[Required action] The material below holds pictures, which are to be left out; copy exactly the lines from the one with "精品级和田玉藕粉猫眼散珠多宝一线猫散珠青海料冰猫单株天然圆珠" through the one with "В некоторых случаях".

[Data for the task]
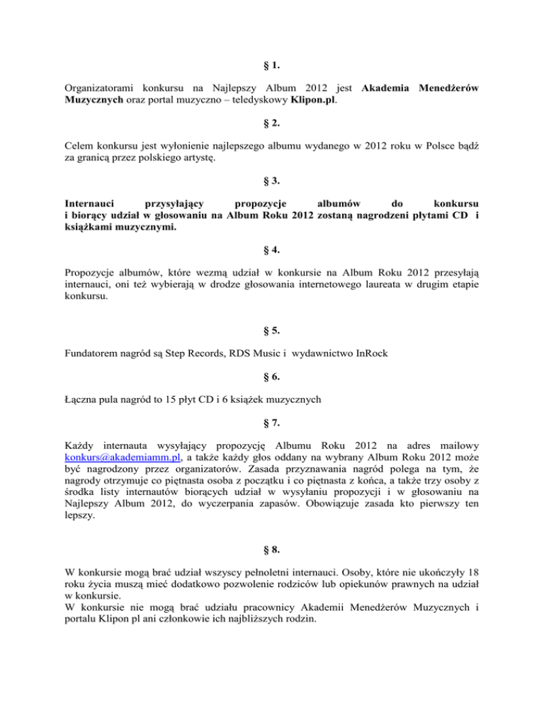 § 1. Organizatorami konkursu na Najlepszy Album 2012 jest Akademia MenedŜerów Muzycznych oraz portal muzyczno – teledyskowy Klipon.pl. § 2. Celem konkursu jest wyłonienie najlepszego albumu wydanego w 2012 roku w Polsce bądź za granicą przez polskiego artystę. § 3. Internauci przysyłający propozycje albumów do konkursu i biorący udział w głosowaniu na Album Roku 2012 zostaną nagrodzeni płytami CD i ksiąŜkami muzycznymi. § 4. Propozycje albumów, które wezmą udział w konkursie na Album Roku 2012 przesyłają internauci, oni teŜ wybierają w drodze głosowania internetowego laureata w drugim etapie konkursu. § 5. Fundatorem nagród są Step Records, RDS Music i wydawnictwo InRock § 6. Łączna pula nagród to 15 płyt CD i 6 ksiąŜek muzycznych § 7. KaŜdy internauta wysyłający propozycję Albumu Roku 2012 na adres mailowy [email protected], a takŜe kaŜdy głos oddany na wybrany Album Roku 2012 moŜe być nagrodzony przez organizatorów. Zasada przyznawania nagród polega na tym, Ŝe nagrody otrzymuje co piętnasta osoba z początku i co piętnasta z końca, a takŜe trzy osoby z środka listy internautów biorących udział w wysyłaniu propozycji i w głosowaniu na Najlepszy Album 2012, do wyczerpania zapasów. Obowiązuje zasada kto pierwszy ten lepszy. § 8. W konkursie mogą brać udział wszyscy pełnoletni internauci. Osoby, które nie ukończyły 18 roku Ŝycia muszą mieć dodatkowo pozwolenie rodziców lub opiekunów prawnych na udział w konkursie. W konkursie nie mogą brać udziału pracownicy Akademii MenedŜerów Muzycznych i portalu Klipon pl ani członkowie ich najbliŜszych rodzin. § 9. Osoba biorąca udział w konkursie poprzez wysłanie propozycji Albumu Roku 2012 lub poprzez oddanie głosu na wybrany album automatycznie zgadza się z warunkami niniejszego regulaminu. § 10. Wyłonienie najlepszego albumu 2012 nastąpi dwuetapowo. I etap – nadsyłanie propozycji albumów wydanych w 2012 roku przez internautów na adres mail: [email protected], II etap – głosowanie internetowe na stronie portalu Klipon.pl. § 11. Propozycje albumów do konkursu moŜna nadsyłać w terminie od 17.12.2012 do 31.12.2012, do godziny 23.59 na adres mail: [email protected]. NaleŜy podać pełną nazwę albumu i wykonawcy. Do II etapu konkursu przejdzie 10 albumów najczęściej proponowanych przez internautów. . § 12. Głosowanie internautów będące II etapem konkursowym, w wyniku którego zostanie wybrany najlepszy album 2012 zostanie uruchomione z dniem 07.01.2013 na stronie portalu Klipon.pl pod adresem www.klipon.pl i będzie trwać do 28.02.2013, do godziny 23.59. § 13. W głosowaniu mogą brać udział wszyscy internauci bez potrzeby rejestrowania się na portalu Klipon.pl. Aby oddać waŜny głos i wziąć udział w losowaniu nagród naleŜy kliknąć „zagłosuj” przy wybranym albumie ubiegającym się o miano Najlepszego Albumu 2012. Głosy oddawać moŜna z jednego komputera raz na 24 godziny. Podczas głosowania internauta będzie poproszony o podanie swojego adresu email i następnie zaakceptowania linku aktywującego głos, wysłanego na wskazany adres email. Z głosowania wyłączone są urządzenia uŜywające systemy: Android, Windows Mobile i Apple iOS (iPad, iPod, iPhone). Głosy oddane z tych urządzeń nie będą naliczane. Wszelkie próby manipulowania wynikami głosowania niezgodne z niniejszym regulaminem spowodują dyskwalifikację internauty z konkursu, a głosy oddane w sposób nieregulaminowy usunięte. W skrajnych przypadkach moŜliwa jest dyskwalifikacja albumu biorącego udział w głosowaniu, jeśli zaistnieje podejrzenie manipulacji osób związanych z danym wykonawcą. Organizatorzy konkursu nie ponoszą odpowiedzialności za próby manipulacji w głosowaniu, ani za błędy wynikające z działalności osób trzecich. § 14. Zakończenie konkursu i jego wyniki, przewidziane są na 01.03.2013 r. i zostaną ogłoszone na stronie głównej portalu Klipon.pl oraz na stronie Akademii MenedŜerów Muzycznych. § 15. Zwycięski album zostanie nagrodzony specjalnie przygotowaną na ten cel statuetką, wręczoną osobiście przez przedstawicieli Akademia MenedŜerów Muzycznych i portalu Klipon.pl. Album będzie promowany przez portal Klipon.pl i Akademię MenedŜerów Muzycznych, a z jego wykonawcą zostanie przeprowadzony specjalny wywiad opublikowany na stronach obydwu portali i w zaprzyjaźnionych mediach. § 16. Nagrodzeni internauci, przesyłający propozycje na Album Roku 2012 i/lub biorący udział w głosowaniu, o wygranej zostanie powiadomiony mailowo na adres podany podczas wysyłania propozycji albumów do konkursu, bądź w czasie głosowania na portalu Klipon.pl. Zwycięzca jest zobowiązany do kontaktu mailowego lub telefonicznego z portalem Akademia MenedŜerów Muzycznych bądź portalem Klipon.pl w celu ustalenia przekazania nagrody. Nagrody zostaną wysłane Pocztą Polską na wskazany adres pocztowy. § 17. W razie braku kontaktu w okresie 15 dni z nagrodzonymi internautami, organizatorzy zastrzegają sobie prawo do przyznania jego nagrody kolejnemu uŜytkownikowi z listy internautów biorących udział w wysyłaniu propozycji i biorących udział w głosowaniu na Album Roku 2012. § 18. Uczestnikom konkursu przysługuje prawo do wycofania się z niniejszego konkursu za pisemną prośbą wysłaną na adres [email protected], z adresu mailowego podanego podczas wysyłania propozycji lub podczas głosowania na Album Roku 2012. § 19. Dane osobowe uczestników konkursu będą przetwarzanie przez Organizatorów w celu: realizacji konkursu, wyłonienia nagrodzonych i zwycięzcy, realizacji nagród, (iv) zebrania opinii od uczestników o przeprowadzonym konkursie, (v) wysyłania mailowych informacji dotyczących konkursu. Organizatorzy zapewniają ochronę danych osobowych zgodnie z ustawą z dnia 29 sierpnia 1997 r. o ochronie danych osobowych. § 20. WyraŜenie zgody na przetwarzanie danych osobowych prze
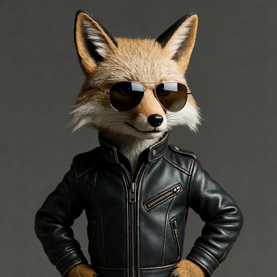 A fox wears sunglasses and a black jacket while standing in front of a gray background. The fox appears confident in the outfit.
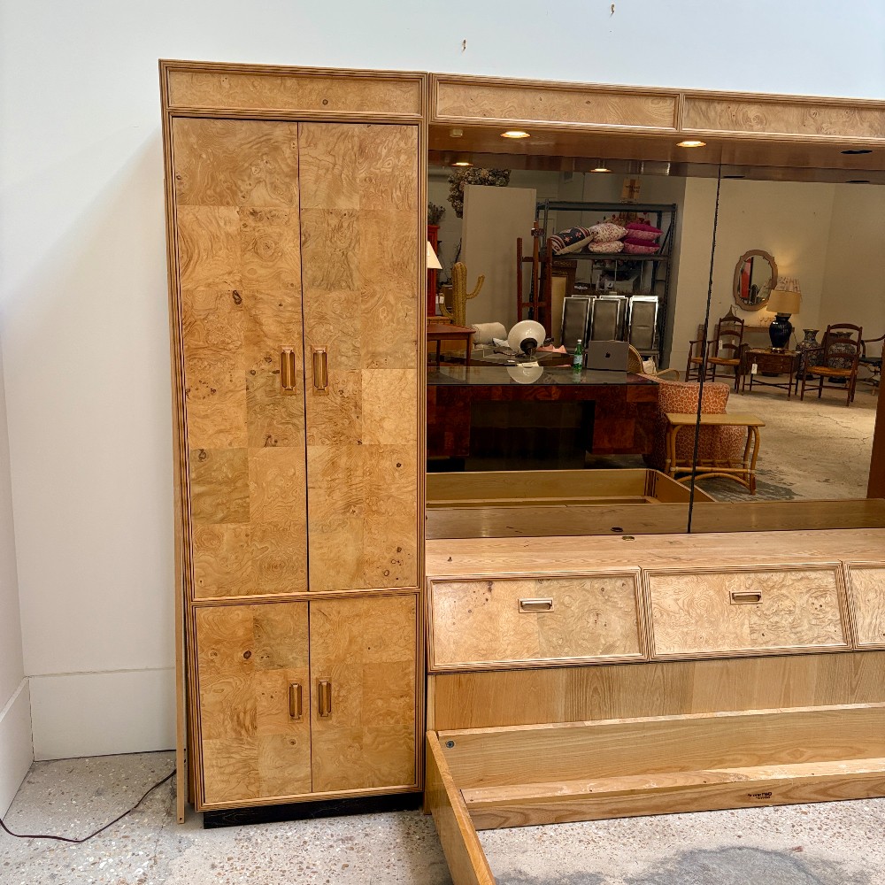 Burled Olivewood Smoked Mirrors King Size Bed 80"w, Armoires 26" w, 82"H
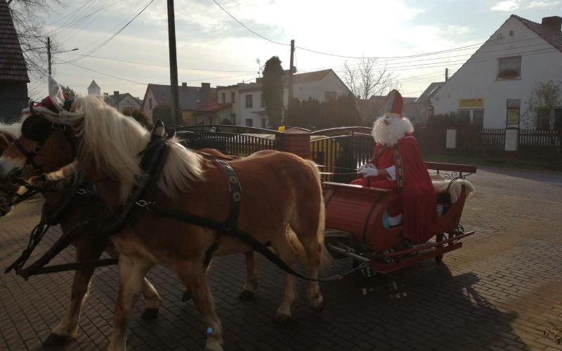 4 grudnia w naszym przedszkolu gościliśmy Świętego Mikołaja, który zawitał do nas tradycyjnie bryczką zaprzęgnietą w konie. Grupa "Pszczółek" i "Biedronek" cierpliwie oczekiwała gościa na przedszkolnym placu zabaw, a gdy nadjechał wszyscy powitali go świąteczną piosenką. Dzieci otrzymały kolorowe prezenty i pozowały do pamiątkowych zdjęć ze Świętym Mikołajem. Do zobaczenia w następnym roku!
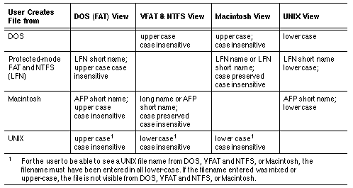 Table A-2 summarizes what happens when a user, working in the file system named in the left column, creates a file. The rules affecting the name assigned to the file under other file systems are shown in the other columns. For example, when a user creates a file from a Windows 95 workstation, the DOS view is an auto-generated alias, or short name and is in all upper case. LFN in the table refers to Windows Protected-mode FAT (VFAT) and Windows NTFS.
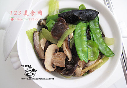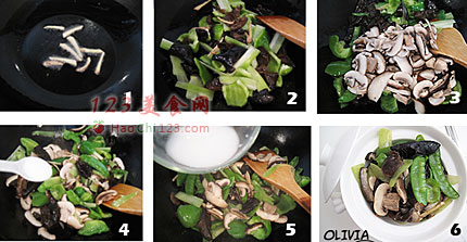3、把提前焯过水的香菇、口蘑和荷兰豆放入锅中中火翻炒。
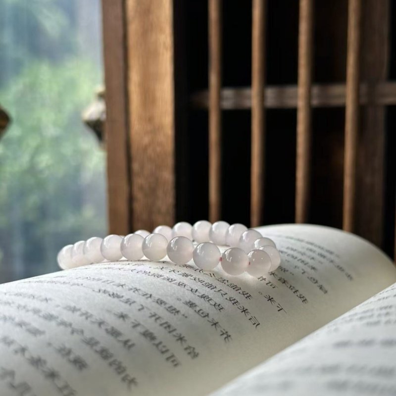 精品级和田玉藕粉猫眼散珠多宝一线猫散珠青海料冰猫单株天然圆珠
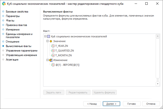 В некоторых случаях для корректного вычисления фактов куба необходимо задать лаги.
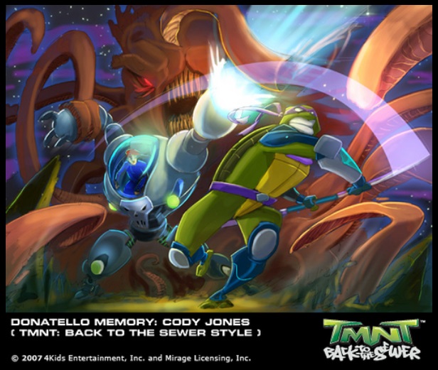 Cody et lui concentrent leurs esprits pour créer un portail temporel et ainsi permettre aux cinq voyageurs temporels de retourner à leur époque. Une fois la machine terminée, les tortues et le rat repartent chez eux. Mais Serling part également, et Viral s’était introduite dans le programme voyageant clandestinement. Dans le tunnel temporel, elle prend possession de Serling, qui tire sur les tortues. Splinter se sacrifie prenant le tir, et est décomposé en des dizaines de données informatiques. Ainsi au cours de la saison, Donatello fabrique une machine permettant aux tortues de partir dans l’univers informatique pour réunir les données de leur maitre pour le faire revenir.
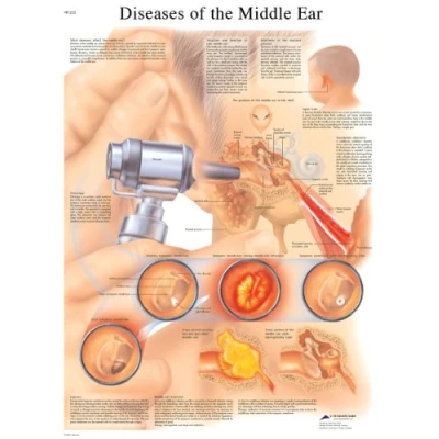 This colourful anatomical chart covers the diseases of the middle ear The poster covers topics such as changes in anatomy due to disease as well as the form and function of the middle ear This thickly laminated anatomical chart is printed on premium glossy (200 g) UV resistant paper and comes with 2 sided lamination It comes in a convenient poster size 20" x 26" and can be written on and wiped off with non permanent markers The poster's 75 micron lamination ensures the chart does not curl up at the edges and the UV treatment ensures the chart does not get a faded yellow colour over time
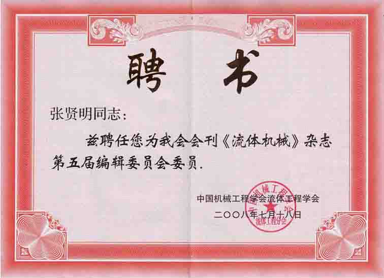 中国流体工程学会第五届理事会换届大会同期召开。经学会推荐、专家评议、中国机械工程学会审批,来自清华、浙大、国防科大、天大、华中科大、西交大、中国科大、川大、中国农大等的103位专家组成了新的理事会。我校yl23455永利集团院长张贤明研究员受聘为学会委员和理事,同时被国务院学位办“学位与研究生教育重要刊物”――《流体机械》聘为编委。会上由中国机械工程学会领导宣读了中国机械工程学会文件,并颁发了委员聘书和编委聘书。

[Result]
 精品级和田玉藕粉猫眼散珠多宝一线猫散珠青海料冰猫单株天然圆珠
 В некоторых случаях для корректного вычисления фактов куба необходимо задать лаги.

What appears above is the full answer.